====== Data records ======

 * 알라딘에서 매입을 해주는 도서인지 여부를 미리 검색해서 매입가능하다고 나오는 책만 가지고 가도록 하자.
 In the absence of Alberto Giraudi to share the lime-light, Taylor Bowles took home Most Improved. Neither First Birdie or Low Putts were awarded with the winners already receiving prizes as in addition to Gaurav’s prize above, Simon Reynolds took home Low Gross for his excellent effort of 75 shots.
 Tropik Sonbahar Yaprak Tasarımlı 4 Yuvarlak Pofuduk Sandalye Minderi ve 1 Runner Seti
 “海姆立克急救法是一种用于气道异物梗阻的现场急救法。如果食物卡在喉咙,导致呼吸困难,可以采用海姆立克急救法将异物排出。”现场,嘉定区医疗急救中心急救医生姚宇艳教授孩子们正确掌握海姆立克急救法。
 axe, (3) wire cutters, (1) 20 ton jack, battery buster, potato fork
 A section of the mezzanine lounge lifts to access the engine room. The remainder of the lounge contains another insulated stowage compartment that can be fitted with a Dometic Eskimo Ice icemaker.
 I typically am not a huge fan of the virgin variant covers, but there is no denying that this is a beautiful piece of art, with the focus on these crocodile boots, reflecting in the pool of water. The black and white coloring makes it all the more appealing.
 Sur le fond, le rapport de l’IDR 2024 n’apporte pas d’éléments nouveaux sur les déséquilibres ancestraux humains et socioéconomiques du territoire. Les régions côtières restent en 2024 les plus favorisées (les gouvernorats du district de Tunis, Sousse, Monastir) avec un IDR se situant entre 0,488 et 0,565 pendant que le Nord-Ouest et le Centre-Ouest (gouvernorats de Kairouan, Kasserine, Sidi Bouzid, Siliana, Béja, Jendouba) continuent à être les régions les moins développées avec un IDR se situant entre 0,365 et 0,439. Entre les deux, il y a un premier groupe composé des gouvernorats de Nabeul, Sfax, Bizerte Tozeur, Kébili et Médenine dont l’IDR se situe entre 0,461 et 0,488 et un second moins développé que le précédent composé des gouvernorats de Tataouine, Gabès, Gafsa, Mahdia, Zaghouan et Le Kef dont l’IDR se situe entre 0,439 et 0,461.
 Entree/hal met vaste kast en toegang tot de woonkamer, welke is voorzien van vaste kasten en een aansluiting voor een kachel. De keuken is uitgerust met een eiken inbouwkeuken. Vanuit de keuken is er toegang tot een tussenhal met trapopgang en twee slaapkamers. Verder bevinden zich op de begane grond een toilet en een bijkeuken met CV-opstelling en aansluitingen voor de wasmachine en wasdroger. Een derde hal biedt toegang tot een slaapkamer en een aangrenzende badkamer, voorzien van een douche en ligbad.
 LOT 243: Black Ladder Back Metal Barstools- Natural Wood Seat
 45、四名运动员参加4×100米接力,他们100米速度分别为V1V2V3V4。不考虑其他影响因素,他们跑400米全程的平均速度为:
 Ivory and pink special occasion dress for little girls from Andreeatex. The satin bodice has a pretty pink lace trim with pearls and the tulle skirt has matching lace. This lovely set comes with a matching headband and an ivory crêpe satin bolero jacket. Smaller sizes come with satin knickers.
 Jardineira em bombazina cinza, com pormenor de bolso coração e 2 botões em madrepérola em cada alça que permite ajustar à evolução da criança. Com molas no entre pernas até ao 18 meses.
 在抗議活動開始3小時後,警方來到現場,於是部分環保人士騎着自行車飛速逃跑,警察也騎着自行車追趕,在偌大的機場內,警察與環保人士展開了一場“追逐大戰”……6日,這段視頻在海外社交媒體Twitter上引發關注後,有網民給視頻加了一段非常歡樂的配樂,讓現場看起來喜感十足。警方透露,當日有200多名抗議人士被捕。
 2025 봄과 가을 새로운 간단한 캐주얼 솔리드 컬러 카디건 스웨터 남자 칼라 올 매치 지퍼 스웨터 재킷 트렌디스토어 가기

======

Exact output of every entry is required.

 * 알라딘에서 매입을 해주는 도서인지 여부를 미리 검색해서 매입가능하다고 나오는 책만 가지고 가도록 하자.
 In the absence of Alberto Giraudi to share the lime-light, Taylor Bowles took home Most Improved. Neither First Birdie or Low Putts were awarded with the winners already receiving prizes as in addition to Gaurav’s prize above, Simon Reynolds took home Low Gross for his excellent effort of 75 shots.
 Tropik Sonbahar Yaprak Tasarımlı 4 Yuvarlak Pofuduk Sandalye Minderi ve 1 Runner Seti
 “海姆立克急救法是一种用于气道异物梗阻的现场急救法。如果食物卡在喉咙,导致呼吸困难,可以采用海姆立克急救法将异物排出。”现场,嘉定区医疗急救中心急救医生姚宇艳教授孩子们正确掌握海姆立克急救法。
 axe, (3) wire cutters, (1) 20 ton jack, battery buster, potato fork
 A section of the mezzanine lounge lifts to access the engine room. The remainder of the lounge contains another insulated stowage compartment that can be fitted with a Dometic Eskimo Ice icemaker.
 I typically am not a huge fan of the virgin variant covers, but there is no denying that this is a beautiful piece of art, with the focus on these crocodile boots, reflecting in the pool of water. The black and white coloring makes it all the more appealing.
 Sur le fond, le rapport de l’IDR 2024 n’apporte pas d’éléments nouveaux sur les déséquilibres ancestraux humains et socioéconomiques du territoire. Les régions côtières restent en 2024 les plus favorisées (les gouvernorats du district de Tunis, Sousse, Monastir) avec un IDR se situant entre 0,488 et 0,565 pendant que le Nord-Ouest et le Centre-Ouest (gouvernorats de Kairouan, Kasserine, Sidi Bouzid, Siliana, Béja, Jendouba) continuent à être les régions les moins développées avec un IDR se situant entre 0,365 et 0,439. Entre les deux, il y a un premier groupe composé des gouvernorats de Nabeul, Sfax, Bizerte Tozeur, Kébili et Médenine dont l’IDR se situe entre 0,461 et 0,488 et un second moins développé que le précédent composé des gouvernorats de Tataouine, Gabès, Gafsa, Mahdia, Zaghouan et Le Kef dont l’IDR se situe entre 0,439 et 0,461.
 Entree/hal met vaste kast en toegang tot de woonkamer, welke is voorzien van vaste kasten en een aansluiting voor een kachel. De keuken is uitgerust met een eiken inbouwkeuken. Vanuit de keuken is er toegang tot een tussenhal met trapopgang en twee slaapkamers. Verder bevinden zich op de begane grond een toilet en een bijkeuken met CV-opstelling en aansluitingen voor de wasmachine en wasdroger. Een derde hal biedt toegang tot een slaapkamer en een aangrenzende badkamer, voorzien van een douche en ligbad.
 LOT 243: Black Ladder Back Metal Barstools- Natural Wood Seat
 45、四名运动员参加4×100米接力,他们100米速度分别为V1V2V3V4。不考虑其他影响因素,他们跑400米全程的平均速度为:
 Ivory and pink special occasion dress for little girls from Andreeatex. The satin bodice has a pretty pink lace trim with pearls and the tulle skirt has matching lace. This lovely set comes with a matching headband and an ivory crêpe satin bolero jacket. Smaller sizes come with satin knickers.
 Jardineira em bombazina cinza, com pormenor de bolso coração e 2 botões em madrepérola em cada alça que permite ajustar à evolução da criança. Com molas no entre pernas até ao 18 meses.
 在抗議活動開始3小時後,警方來到現場,於是部分環保人士騎着自行車飛速逃跑,警察也騎着自行車追趕,在偌大的機場內,警察與環保人士展開了一場“追逐大戰”……6日,這段視頻在海外社交媒體Twitter上引發關注後,有網民給視頻加了一段非常歡樂的配樂,讓現場看起來喜感十足。警方透露,當日有200多名抗議人士被捕。
 2025 봄과 가을 새로운 간단한 캐주얼 솔리드 컬러 카디건 스웨터 남자 칼라 올 매치 지퍼 스웨터 재킷 트렌디스토어 가기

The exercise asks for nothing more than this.